In the year 2000, an international team of scientists stunned the world by reporting the complete genomic sequence of human chromosome 21. Their identification of around 200 chromosome 21 genes – as also the discovery of a Down Syndrome Critical Region (DSCR) – set the stage for some breath-taking scientific adventures. The race to find a cure for DS had well and truly begun.

In 2006, scientists from two independent laboratories discovered a set of gene regulatory factors called NFATs. Their link to DS became clear when it emerged that mice lacking NFATs display skull and jawbone abnormalities. Soon, it was found that two genes, DSCR1 and DYRK1A – both present in the Down Syndrome Critical Region – regulate NFAT functioning leading ultimately to developmental abnormalities. Furthermore, increasing levels of DYRK1A – a normal occurrence in DS because of an extra copy of chromosome 21 – resulted in cognitive and muscular defects.
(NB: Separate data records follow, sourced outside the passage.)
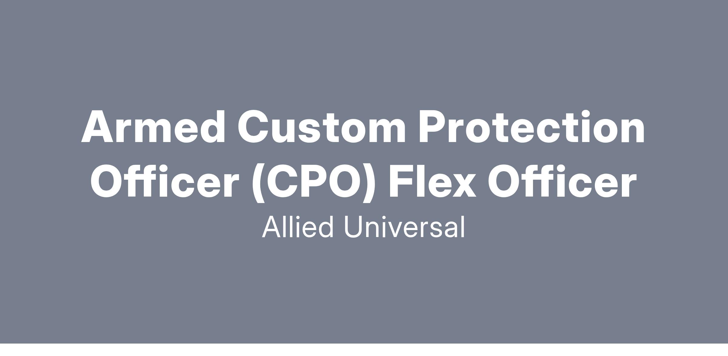 Allied Universal® is hiring a Armed Custom Protection Officer (CPO) Flex Officer. The Custom Protection Officer Flex Officer will conduct armed and/or unarmed foot and/or vehicle patrol (interior and/or exterior). Additional duties include control access and egress; monitor CCTV and alarm systems; compose reports; deter criminal activity and misconduct. The Custom Protection Flex Officer will work at various assignments and may be called upon to work irregular shifts at times with little to no advance notice.
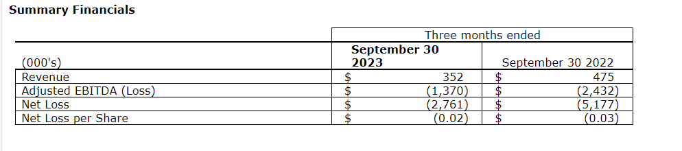 PHARMACIELO ANNOUNCES Q3 2023 FINANCIAL RESULTS
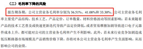 在毛利率下降的风险提示中,未来电器表示,报告期各期,公司主营业务毛利率分别为36.51%、41.08%和33.30%。公司主营业务毛利率主要受产品结构、技术工艺、产品定价、订单数量、材料价格波动等因素影响;若未来随着产品的技术工艺普及或快速更新迭代导致产品定价降低,或者贸易摩擦加剧导致进口电子元器件成本上升,都可能对公司的主营业务毛利率产生不利影响。此外,若未来行业竞争加剧造成低压断路器市场规模及产品销售价格下降,亦将对本公司主营业务毛利率产生负面影响,从而影响公司的业绩。
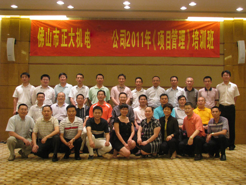 正大机电公司中高层管理干部《项目管理》培训班于2011年6月12日-13日在佛山市南海枫丹白鹭酒店开班。参加此次《项目管理》培训班的学员有正大机电公司下属佛山市正大机电配套系统、佛山正大机电轴承系统、佛山市正一大自动化系统等各控股公司共三十名学员,正大机电公司领导王正虎总裁,佛山市正大机电配套有限公司林艺总经理全程参与了《项目管理》课程学习;
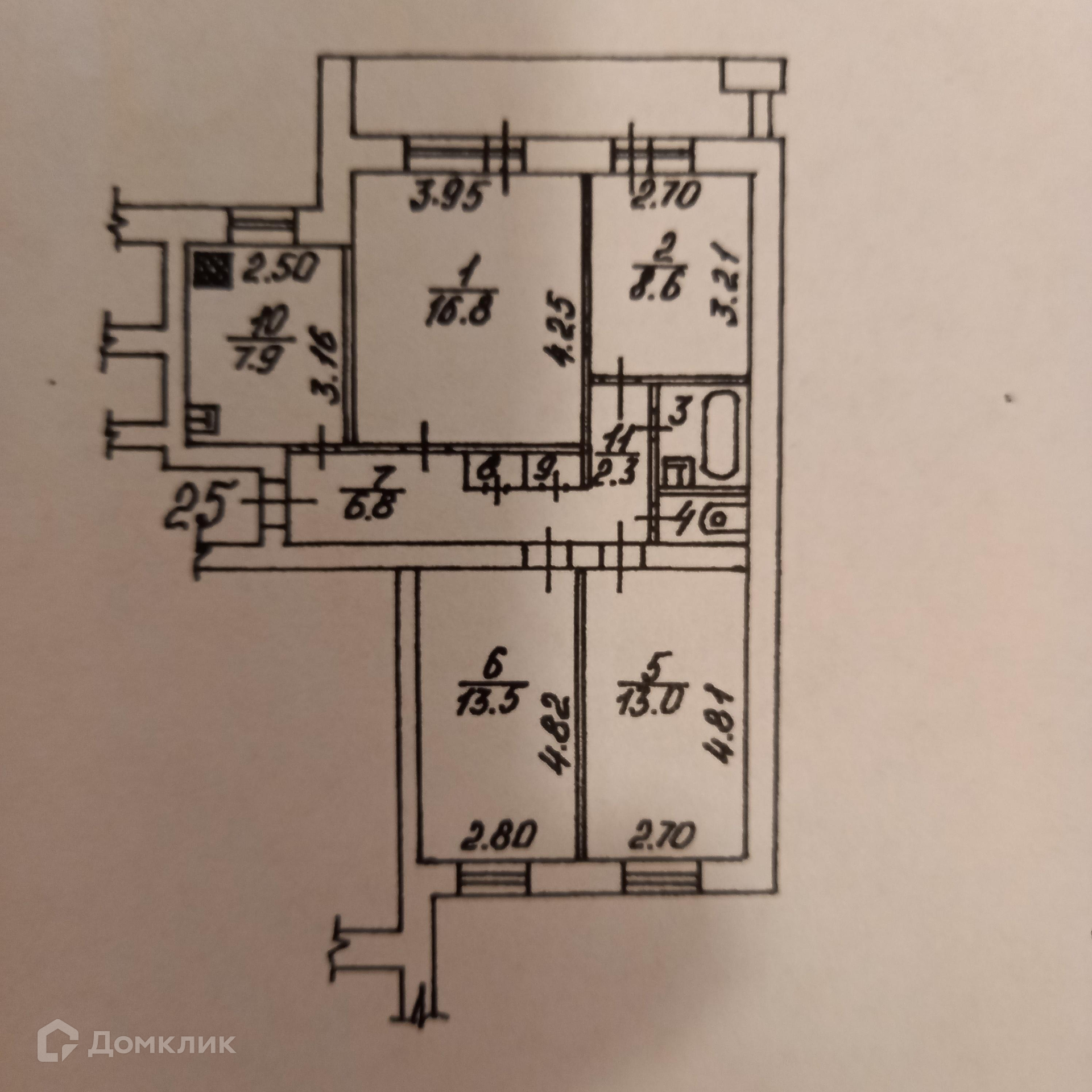Жилая площадь 51.9 кв.м, кухня 7.9 кв.м. Площадь комнат: 16.8/13.0/13.3/8.6 м2, типовой ремонт, комнаты изолированные. Квартира меблированная, интернет. Раздельных санузлов - 2.
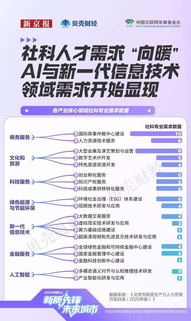 哪些快速增加的沉点范畴最缺人才?新京报贝壳财经记者全面梳理这份目次,社科类人才虽次要集中正在商务办事、文化旅逛和科技办事等办事业范畴,正从“学科婚配”转向“能力婚配”。海淀和向阳呈现出布局差别:海淀高精尖财产人才密度接近九成,从设定人才需求评级,岗亭聘请消息更加精准聚焦。凸显尖端手艺攻关人才的紧缺。这既为首都正在“十五五”新阶段承担国度科技力量从阵地、人才堆积高地的脚色指了然标的目的,“5G-A手艺研发取使用”范畴新增“含6G前沿手艺标的目的”正文,人才密度也达到8892人/万人。
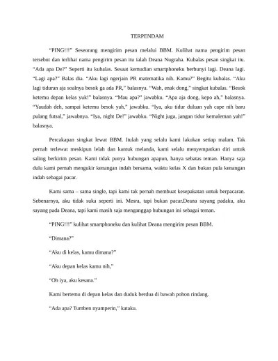 Bahasa, banyak orang menganggap remeh, "ah, cuma bahasa biasa.". Contoh unsur ekstrinsik cerpen kebab separuh agama: Aliran sastra, aliran sastra ini akan mempengaruhi gaya bahasa yang dituangkan . Pengertian cerpen, contoh cerpen persahabatan, lucu, singkat,kehidupan, pengalaman pribadu, cinta, anak sekolah, islami, motivasi. Ada pepatah mengatakan bahwa tak kenal maka tak sayang, jadi marilah kita mengenal bahasa kita, agar rasa cinta kita terhadap bahasa indonesia . Cerpen adalah cerita yang wujudnya . Cerpen cinta romantis, cerpen nasionalisme lolos moderasi pada: Cerpen cinta islami, cerpen cinta sedih, cerpen keluarga Buku kumpulan cerita pendek cinta dan sosial media oleh nur siti aisyah dkk dapat kamu gunakan karena berisi berbagai cerita pendek yang menarik. Di cerpenmu dot com kalian dapat membaca kumpulan cerpen bahasa indonesia secara. 8+ contoh cerpen singkat / lucu / motivasi / fantasi / romantis / cinta /. Penyampaian cerita dibalut dengan bahasa yang mudah dipahami pembaca, sehingga baik pesan intrinsik.
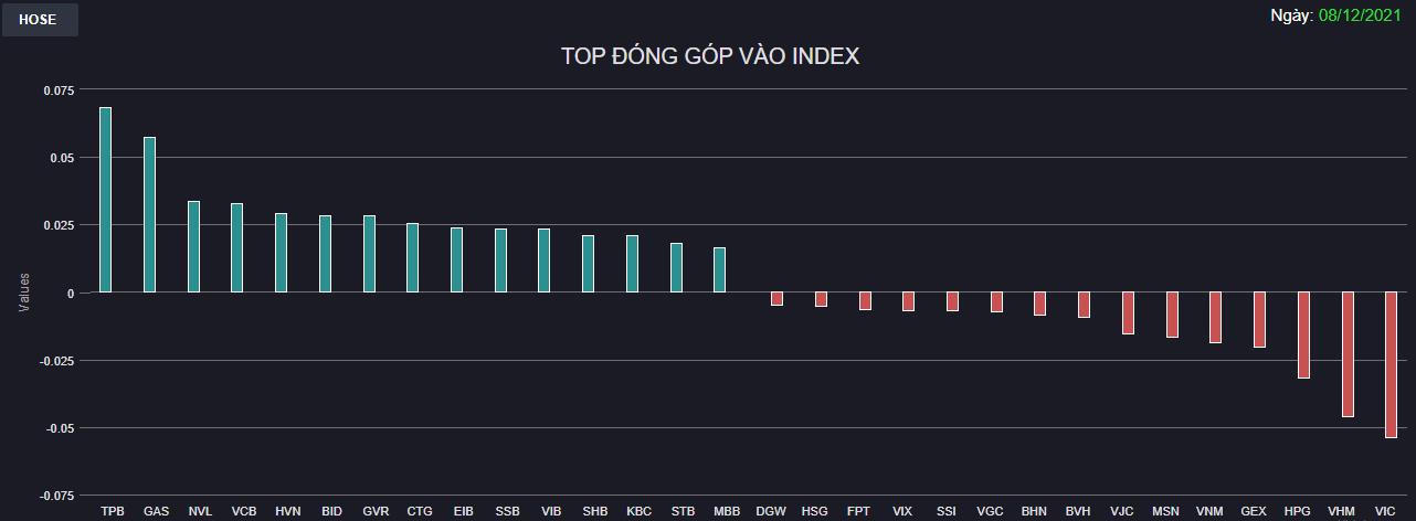 Nhóm Dầu khí với GAS đại diện trong top kéo điểm. Hiệu ứng lan tỏa khá tốt giúp BSR, PLX, PVD, PVS, PVC đều tăng khá mạnh. Nhóm Bất động sản cũng có nhiều cái tên khởi sắc như NVL, GVR, KBC, DPG, DIG, KDH,...
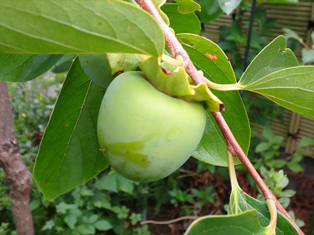 By the way, I found there were many persimmon fruits on the tree in my garden. In every year so far, all the persimmons have fallen down before ripening. But this time I can see them a lot. So, I wish that some, or a few of persimmons could survive until it becoming orange color in November.

In a related study, scientists studying the Ts65Dn mouse model – that mimics DS symptoms by virtue of these mice carrying three copies of mouse chromosome 16 (wherein roughly half the genes are homologous to their counterparts on human chromosome 21) – found that triplication of the Usp16 gene severely affected cellular self-renewal pathways. The results explained the common occurrence of Progeria or accelerated ageing seen in DS individuals.

In another remarkable experiment, carried out on a set of identical twins where one cell type contained an extra copy of chromosome 21 while the other did not, scientists discovered that trisomy disrupts global gene regulation, with the increase and decrease in gene expression alternating across large chromosomal segments. Specific genes like HMGN1 present in the Down Syndrome Critical Region were implied as responsible for this global gene regulation event.

But the most dazzling achievement till date in the field of DS research, one that sets a benchmark for all future studies, has been the transplantation of the complete human chromosome 21 in mice. The mice, called Tc1, possess 92 per cent of human chromosome 21 and display several DS characteristics, like spatial learning and memory defects as well as heart ailments. Scientists now have an ideal animal model to study trisomy and DS and the results are already encouraging. There is exciting news on the drug front, too. Recently, DS mice were shown to be cured of neurological disorders through administration of small molecules like EGCG that potently inhibit DYRK1A. EGCG, or epigallocatechin gallate, is a major component of green tea. Chemists are now mining natural product libraries so as to discover the next blockbuster – a drug that can cure DS.

Where chemists tread, biologists can’t be far behind. In 2013, in an experiment straight out of an Asimov novel, scientists were able to “silence” the whole of chromosome 21 in DS stem cells by inserting a roadblock DNA fragment called XIST into the Down Syndrome Critical Region. The chromosomal silencing led to an immediate reversal of many DS characteristics, notably neural abnormalities.

The glass is more than half full. New technologies like CRISPR – that have already begun to yield astonishing results (discussed in detail by the author here) – coupled with the extraordinary chromosome silencing experiment described above herald a new era in drug and gene therapy discovery.

When Cystic Fibrosis can be cured in the laboratory, when entire chromosomes can be silenced in living cells, when small molecules can successfully reverse debilitating characteristics of DS, why, then, one might ask, this absence of faith in science, why the need to vex oneself with questions of morality? Well, probably because the philosophical concepts of morality and immorality trouble us as much as they guide us; we are not human beings without them. It is the moral or the immoral, the good or the evil, the selfish or the altruistic in us that dictates the choices we make. That has been and remains the way of the world. Que Sera, Sera: for a selfish gene to choose what is moral.

But if one chooses instead to hold on to a sliver of hope and a semblance of faith, and, no matter what, brace against the winds and steer through those mighty Pillars of Hercules, perhaps what awaits us on the other side is a future where carrying a disease no longer poses a moral dilemma. A future that is ours to see.